> **Task statement**
What is printed must match, line for line, the records from their first line through the line containing "ბრიტანეთის საელჩოს განცხადებაში.", with pictures left out.

Records drawn from a dataset:
____

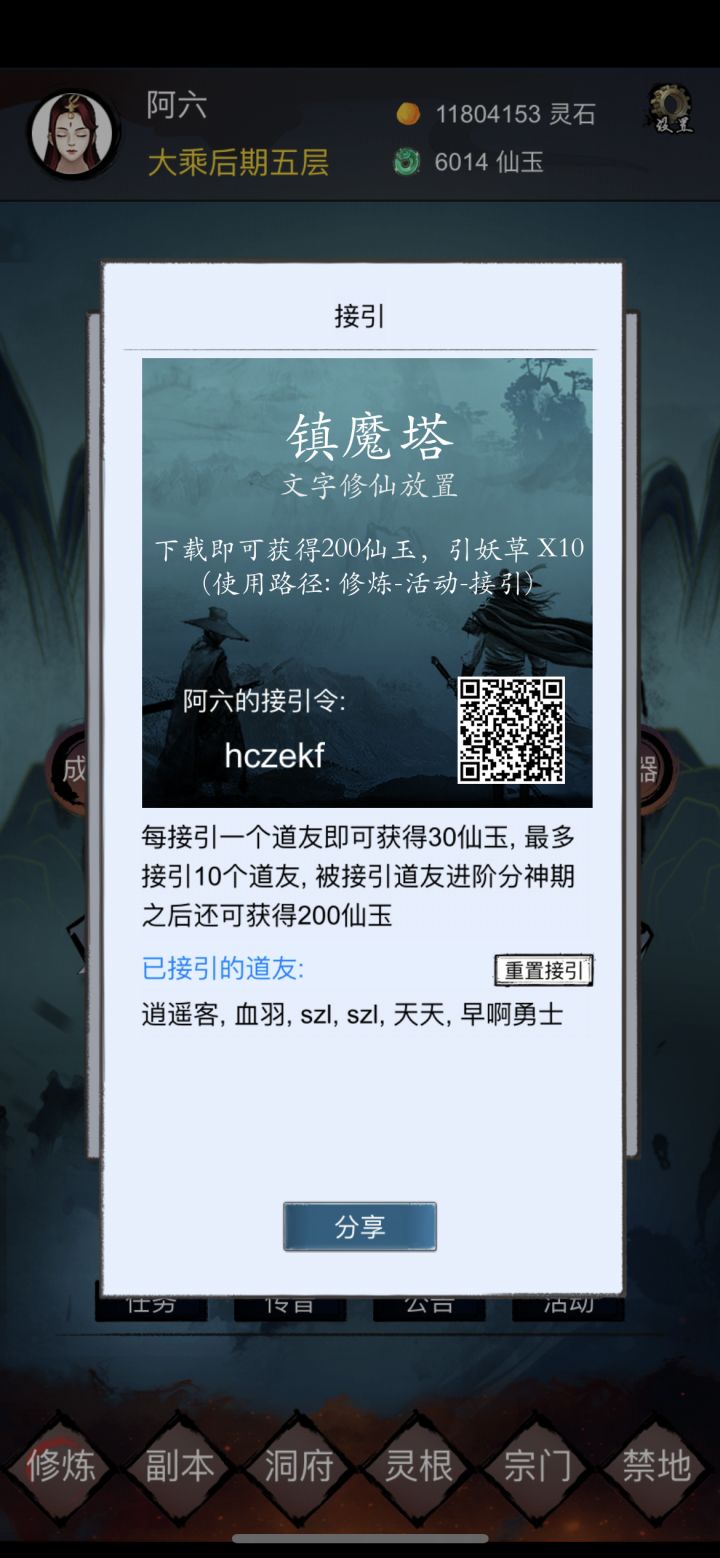 求个还能用大佬的接引码,已分神一
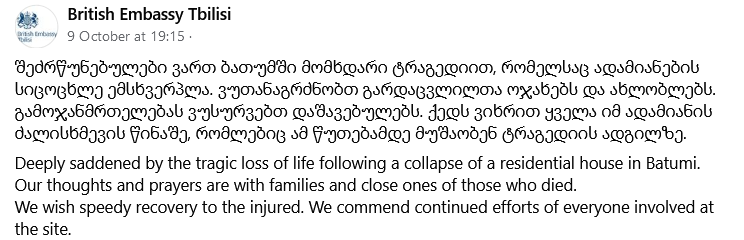 „შეძრწუნებული ვართ ბათუმში მომხდარი ტრაგედიით, რომელსაც ადამიანების სიცოცხლე ემსხვერპლა. თანავუგრძნობთ გარდაცვლილთა ოჯახებსა და ახლობლებს. გამოჯანმრთელებას ვუსურვებთ დაშავებულებს. ქედს ვიხრით ყველა იმ ადამიანის ძალისხმევის წინაშე, რომლებიც ამ წუთებამდე მუშაობენ ტრაგედიის ადგილზე“, – ნათქვამია ბრიტანეთის საელჩოს განცხადებაში.
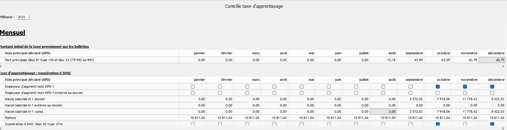l’assiette de ma taxe d’apprentissage calculé avec le module de contrôle sur le millésime 2025, ne correspond pas à ce que j’ai dans mon tableau de charge. Il y a 5/6 salariés en paie.
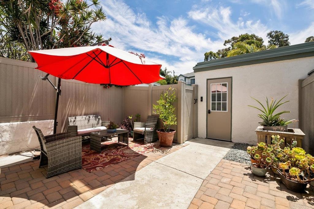 Enter this warm and inviting home where you can enjoy having the window/doors open for a warm or cool breeze; the owners say they rarely turn on the AC or heater. The skylight window can be opened via smartphone app to accommodate any weather. You can be at the pool within a minute or two. This unit has one of the largest backyards and also a front patio. Each bedroom has an ensuite bathroom. The primary bedroom is large and has a balcony overlooking the pool area. It also features a storage/loft that provides more than enough storage space or even a small room to those who need it. The living room features a wood burning fireplace and view to the backyard. There is new tile in the hallways, kitchen, and bathrooms and newly upgraded double paned windows throughout house (sliding doors are not new). The high ceilings give you an open and spacious feeling. The garage offers good car storage or even a workshop for hobbies. The HOA is proactive on maintenance and improvements to the community, recent improvements include landscaping, recently painted exteriors, roofing was recently inspected and minor repairs, repainting of the pool/hot tub and clubhouse area, dog park area behind pool house, tree trimmings. and plan to redo the asphalt for the entire community in the near future. The landscaping provides an array of plant life and is well maintained. Recently renovated club house. 20 min drive to downtown or the beach.
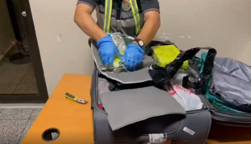 “Los paquetes y la lámina de la sustancia, con un peso preliminar de 2.56 kilogramos fueron ocupados camuflados en el doble fondo de la mochila”, señala el comunicado de prensa.
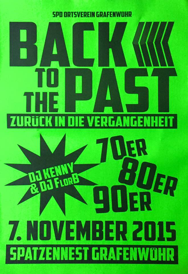 Der SPD Ortsverein Grafenwöhr lädt zur zweiten Runde Plattenparty „Back to the Past“ herzlichst am 07 Nov 2015 im Spatzennest Grafenwöhr ein. Einlass ist 19.00 Uhr und Beginn ist um 20.00 Uhr. Mit Musik aus den 70‘..80‘ und 90‘ heizen Euch DJ Flor B und DJ Kenny wieder so richtig ein. “Let‘s Party, Let’s Groove“ wie in den guten alten Zeiten. Für Getränke ist bestens gesorgt. Eintritt kostet Euro 1,99. Auf Euer Kommen freut sich der SPD Ortsverein Grafenwöhr.
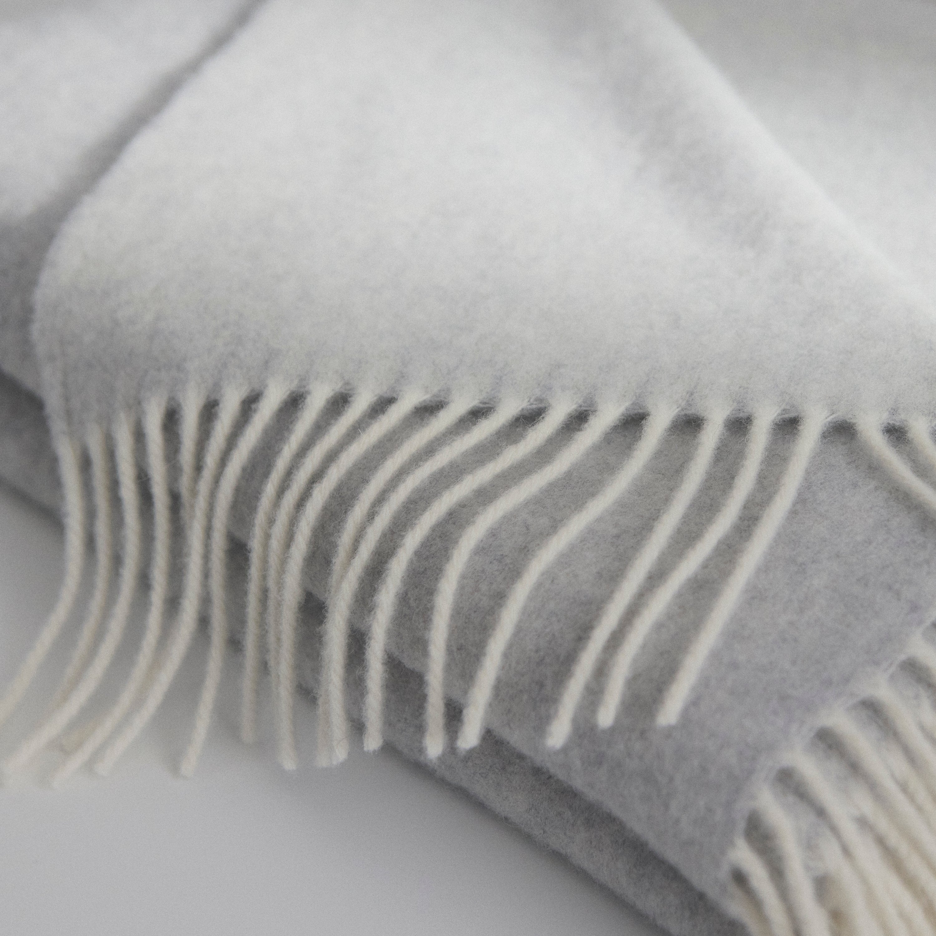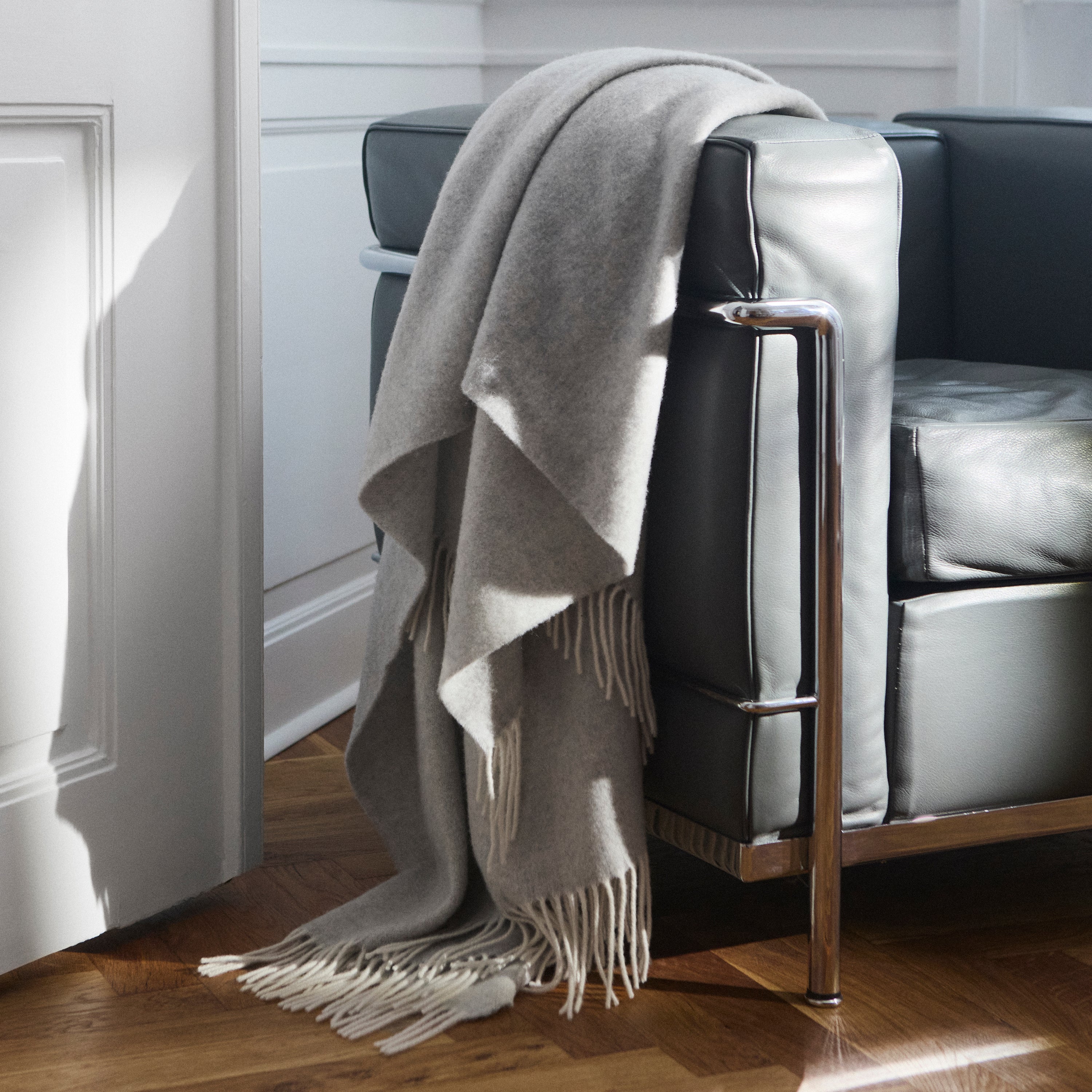 Union-plaidens fine kvalitet i merinould og cashmere giver en smuk overflade og en helt særlig blødhed. Med en diskret nuanceforskel af lysegrå på for- og bagside har plaiden et helt enkelt udtryk.
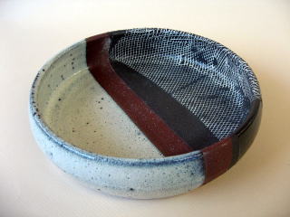 作者 佐竹さん(女性) 黒粘土を使いロクロ成形します 高台を削り和紙を三角と線に切り水で張り付けます 上から蚊帳の布を被せ、白泥を刷毛塗し全体を 指先で擦ります 蚊帳と紙を剥がし、乾燥させ素焼きします 灰マット透明釉をスプレーで薄く掛け1265度の 酸化焼成します (コメント) 白の蚊帳目模様の濃淡が変化が在り楽しいです 抜いた三角模様も調和が取れています |
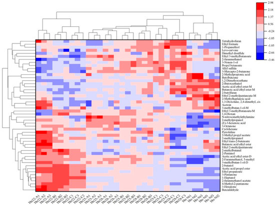 Cluster analysis was performed on the VOCs of Musalais wine with different brewing and fermentation conditions. The results are shown in Figure 4, where the Y-axis represents the names of VOCs identified by GC-IMS, and the X-axis represents the origin codes. The VOCs of nine Musalais wine samples are clustered into two major groups: 22 °C-A, B and C belong to one group, while 25 °C-A, B, C and 28 °C-A, B, C belong to another. Of these, 22 °C-B and C are similar in flavor and form a group. The results of the cluster analysis are consistent with those of PCA, indicating that fermentation temperature and juice Brix may affect the formation of VOCs in Musalais wine.
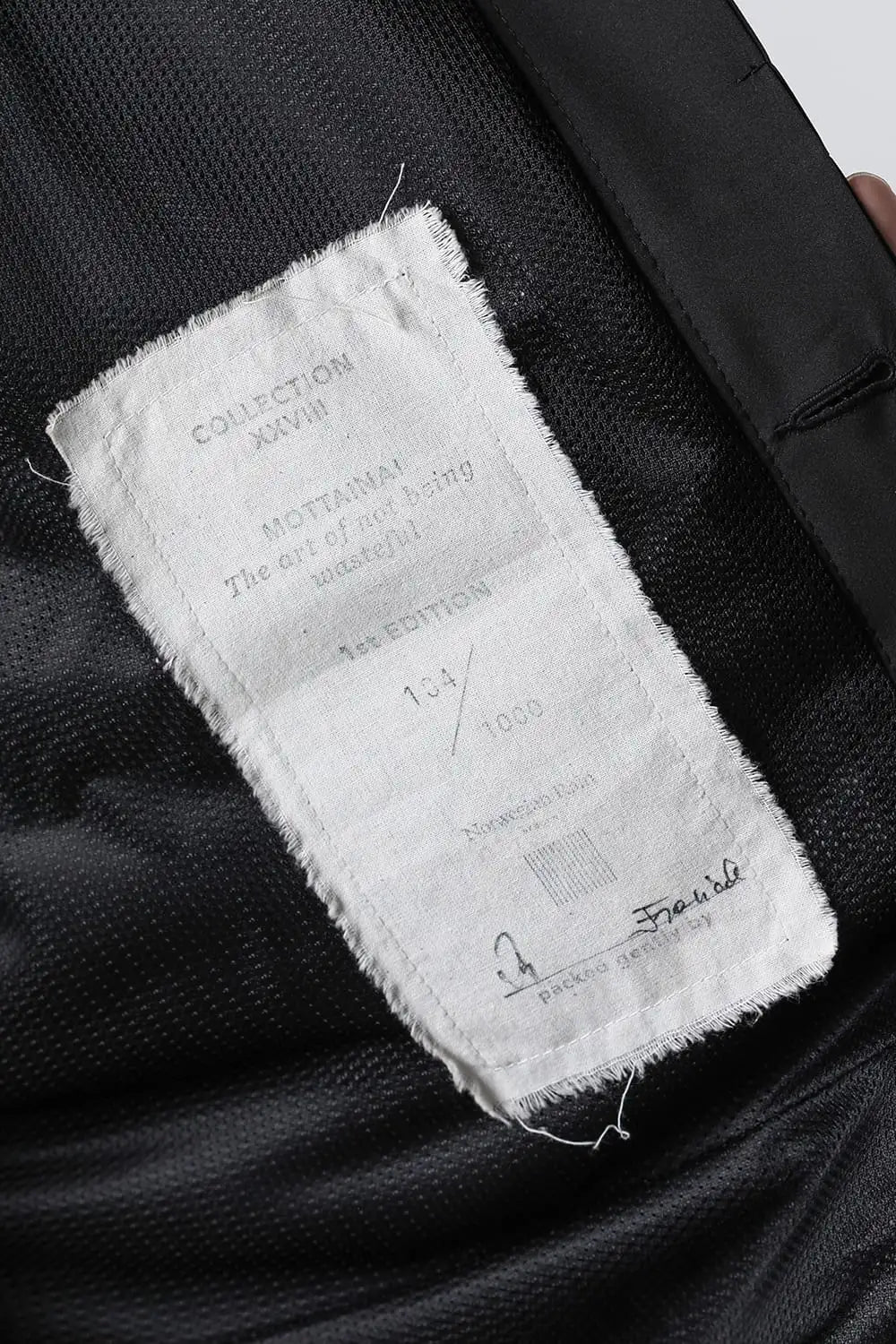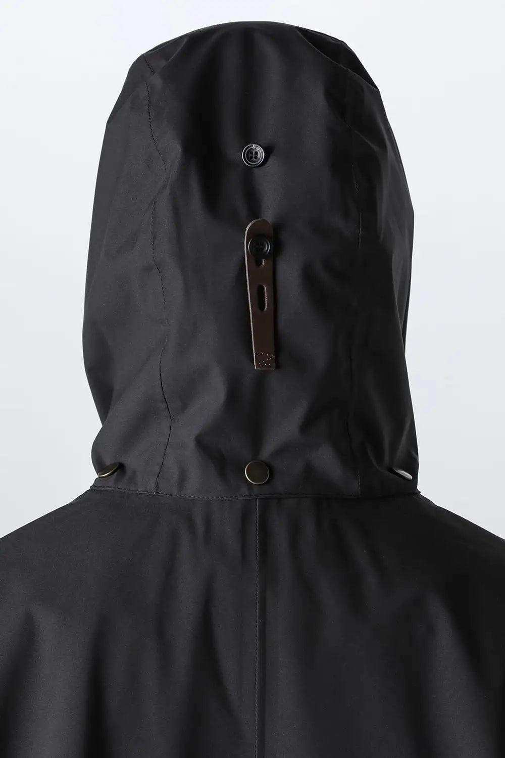 The front is single wing tailored with a unique detail called "Water Tunnel" on the right front where the meeting is placed on the inside to prevent rain from penetrating.
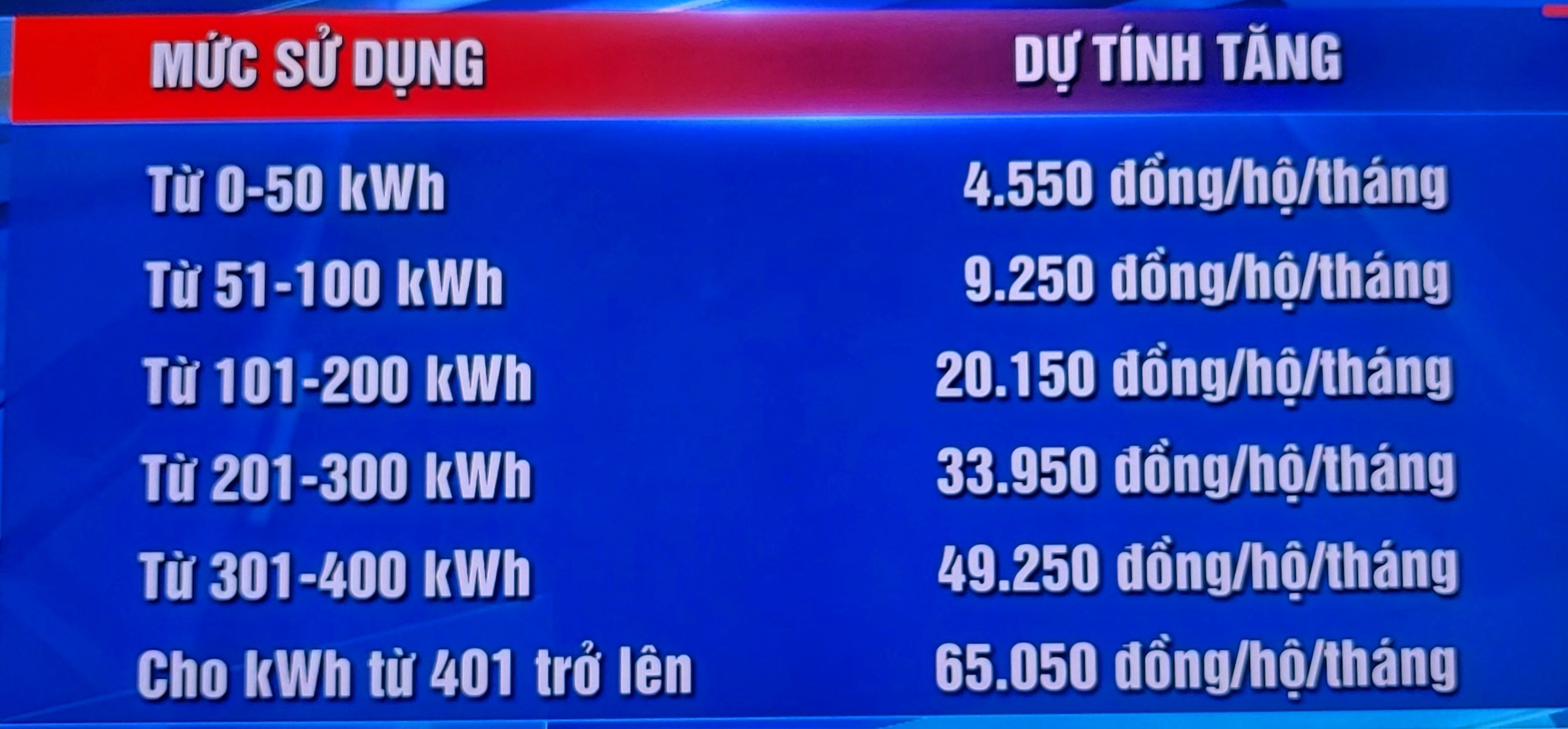 Tác động trên thực tế, đối với các hộ dân sử dụng điện sinh hoạt, mỗi hộ trong 1 tháng sẽ trả thêm từ 4.550 đồng đến hơn 65.050 đồng, tùy theo mức sử dụng.

____

> **Result for this exercise**
 求个还能用大佬的接引码,已分神一
 „შეძრწუნებული ვართ ბათუმში მომხდარი ტრაგედიით, რომელსაც ადამიანების სიცოცხლე ემსხვერპლა. თანავუგრძნობთ გარდაცვლილთა ოჯახებსა და ახლობლებს. გამოჯანმრთელებას ვუსურვებთ დაშავებულებს. ქედს ვიხრით ყველა იმ ადამიანის ძალისხმევის წინაშე, რომლებიც ამ წუთებამდე მუშაობენ ტრაგედიის ადგილზე“, – ნათქვამია ბრიტანეთის საელჩოს განცხადებაში.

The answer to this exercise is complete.